By now the novelty had worn off and no one stared at the Sergeant anymore.  It made no matter to him.  I think he sang only to entertain himself.  The professor turned his attentions to the wound on my knee sustained in my tumble in the river.  He showed no disgust as he raised my urine-stained pant leg and I was grateful for his professional objectivity.  He told me that he would need to clean the wound and maybe some stitches were required.  And promised me a bath and change of clothes.

Renfield’s head was as wrapped as King Tut’s and he beamed at everyone with an imbecilic grin.

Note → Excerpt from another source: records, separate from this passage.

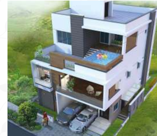
Jains Four Seasons, Kokapet.
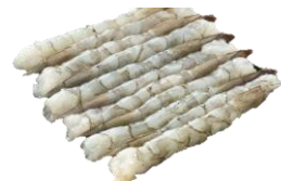
Nobashi shrimp. Raw Size: 4L, ASC.
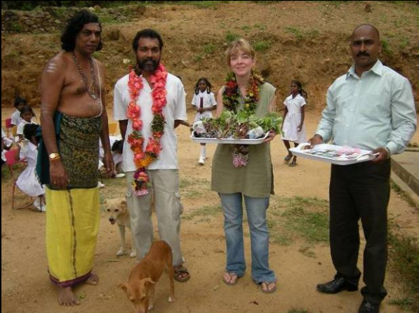
Puny & I are presented with garlands
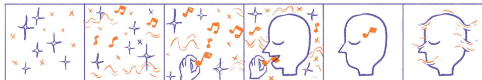
Frequency Comic: Soma Sebesvari

Follow us for updates: https://www.facebook.com/OzorianProphet
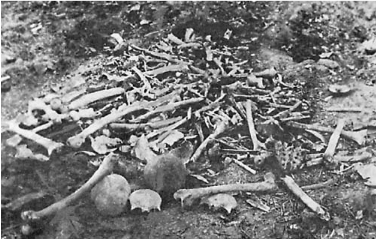
A relic of the Armenian massacres at Erzinka (Erzingan)

The real intentions of the Turkish government are shown and condemned in the following lines of Morgenthau's Story: "It is absurd for the Turkish Government to assert that it ever seriously intended to "deport the Armenians to new homes"; the treatment which was given the convoys clearly shows that extermination was the real purpose of Enver and Talaat" 28 .
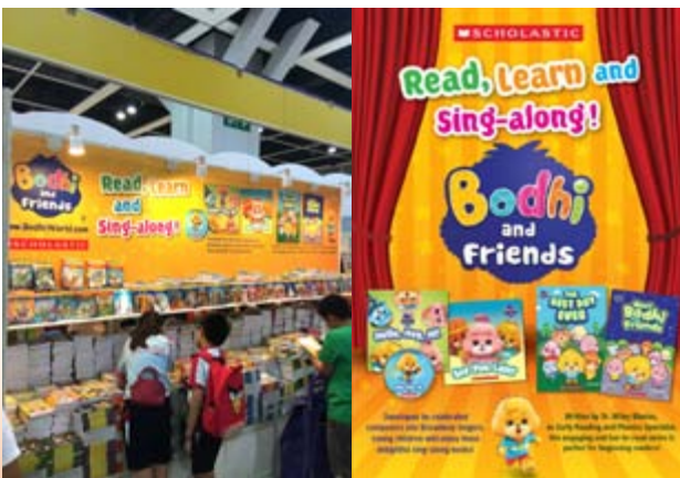
■ Scholastic's Books presents in Hong Kong
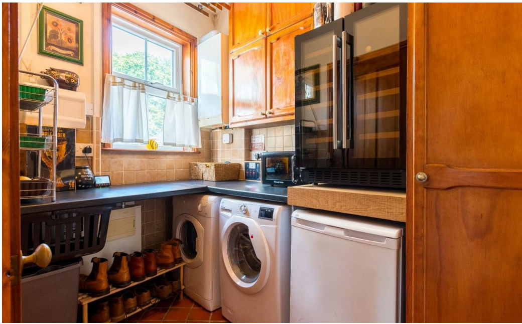
KITCHEN 15'6" x 9'0"
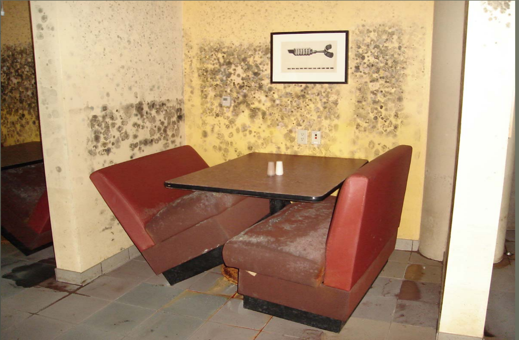
University Center October 2005
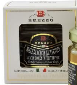
Truffle Honey by Brezzo 120ml x 6 CODE TRU05
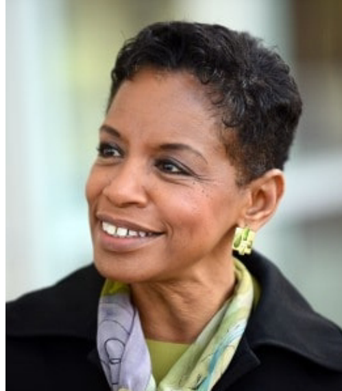
Donna Edwards (D) 1958-
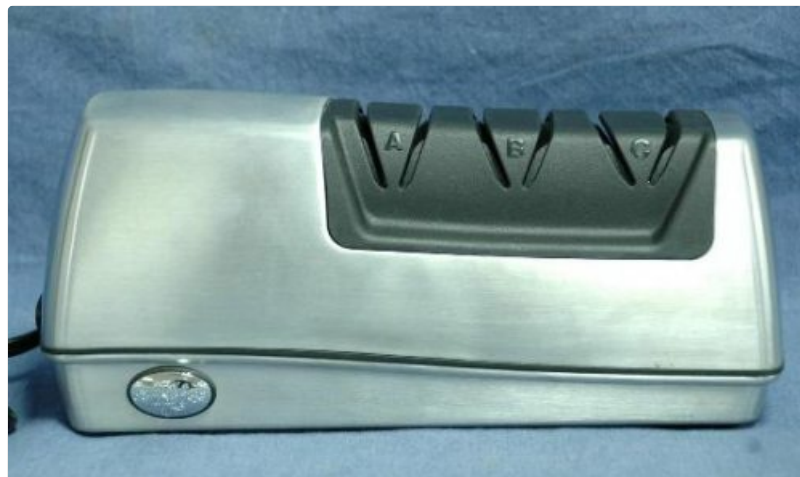
Image: Front view of the Russell Hobbs RHKS1 Electric Knife Sharpener, showing the aluminum housing and the three sharpening slots.

The Russell Hobbs RHKS1 features a robust design with multiple sharpening slots for different stages of sharpening.
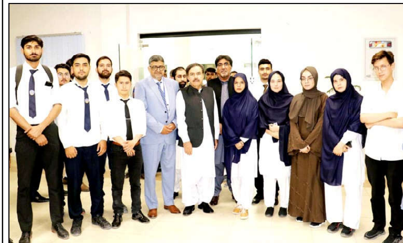
QUETTA: Governor Balochistan Sheikh Jaffar Khan Mandokhail in a group photo with students during his visit to BUIITEMS.

The Governor expressed these views during visit to the Balochistan University of Information Technology, Engineering and Management Sciences (BUIITEMS) here on Thursday.
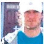
m4w Santa Rosa, CA
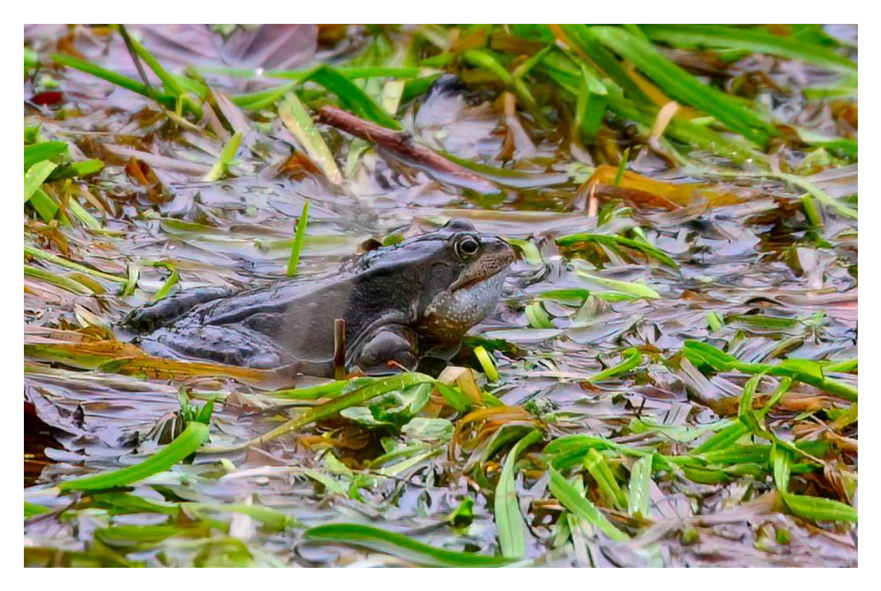
Common frog – Rana temporaria
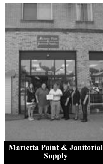
Marietta Paint & Janitorial Supply
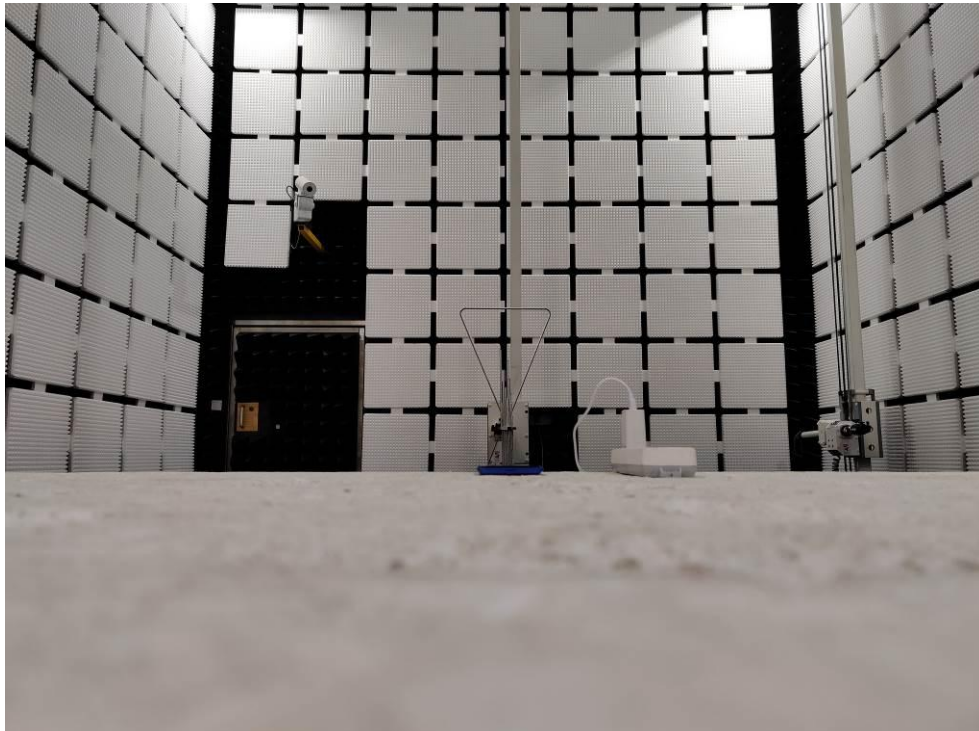
Fig. 1 (Below 1GHz)

Test Setup Photo(s) of Radiated Emissions Measurement

“You revel in the morning with an upright stand

(It’s urinary pressure on the prostate gland),

And you haven’t got a woman so you jerk it off by hand

As you revel in the joys of fornication.”

To my astonishment the Professor broke out in loud guffaws at the last stanza and the others joined in.  So did I.

            The old man led us up the stairs and on the way I probed with questions about the recent SS incursion.  They expanded on the events at Brasov Square, the massacre of the civilians and the impalement of the Mayor.  I was struck into shocked silence as the others related their account of this barbaric slaughter.  Everyone fell into a somber silence.

            Oft times, this is all we can give the dead, a respectful quiet.  This was not so for the daughter.  Her face clouded and she spoke quietly.  "I will kill them all.  Every one of the bastards.  I will kill them all."

            It was then that I knew that I was in love.